Choosing the best trendline option for biological data?

564 Views Asked by At

I see MS Excel has several trend-line options; linear, logarithmic, polynomial, exponential, and power functions. What is basis/logic for selecting these functions for biological data? For e.g. I'm interested in understanding the change of abundance either transcripts or proteins vs different time course; my data fitting with polynomial trend-line. how can I compare different samples in this option?

if Excel is not a good option, how can I do this in R? enter image description here

2

There are 2 best solutions below

3
On

This depends on the shape/distribution of your data. See the plot below. The upper left graph depicts a linear relationship, so a linear function suits your data best. The upper right graph, however, is definitely not linear. A linear fit would be bad in this case. Here, we would need an exponential function in order to properly fit the data. Likewise with the polynomial and logarithmic cases (bottom two graphs).

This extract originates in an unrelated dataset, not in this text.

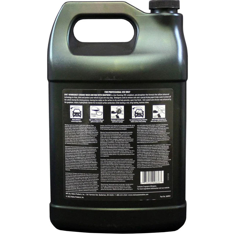 EPIC® Hydrosheet™+ Ceramic Wash & Wax with Graphene is a low-foaming graphene car wash & wax that utilizes advanced cleaning agents to remove grime, soils, and contaminants while unique drying agents allow water to sheet off the vehicle during the rinsing process and provide a water spot free finish. SiO2 sealant and silicone wax, enhanced by graphene, create a hydrophobic barrier for increased surface protection while leaving a rich, long-lasting, lustrous shine. Dilutes 1:20

enter image description here

Here's the R-code to create the above graph:

x <- runif(100,1,10)
y <- 3*x +rnorm(100,0,1)
z <- 0.3*exp(x)+rnorm(100,0,1)
a <- 1.1*x^5 - 13*x^4 +8*x^3 -12*x^2 -19*x+1+rnorm(100,0,1)
b <- log(x)+rnorm(100,0,0.05)
par(mfrow=c(2,2))
plot(x,y,main = "Linear Relationship")
plot(x,z,main = "Exponential Relationship")
plot(x,a,main = "Polynomial Relationship")
plot(x,b,main = "Logarithmic Relationship")

In practice you will have gathered data and your task is to model the relationship. First you should plot your data to see how it is distributed. If have decided which fit the appropriate one is, then you can pick one of several functions in R to estimate the models based on the data. For example, lm() can efficiently create linear models.

0
On

Check out "model selection" or "variable selection". Not sure if it can be automatically performed in excel. What you need is mainly a selection criteria (like AIC, BIC, Mallow's C$_p$, adjusted $R ^2 $ and so on) and perhaps a method to select (Forward, Backward, Stepwise). If you have small amount of models to choose from you can fit all the possible models by using packages like $\texttt{leaps}$ in $\texttt{R}$. Another option is regularization based "selection", i.e., LASSO and elastic net ($\texttt{glmnet}$ in $\texttt{R}$) that is estimation procedures that selects features as a part of the estimation.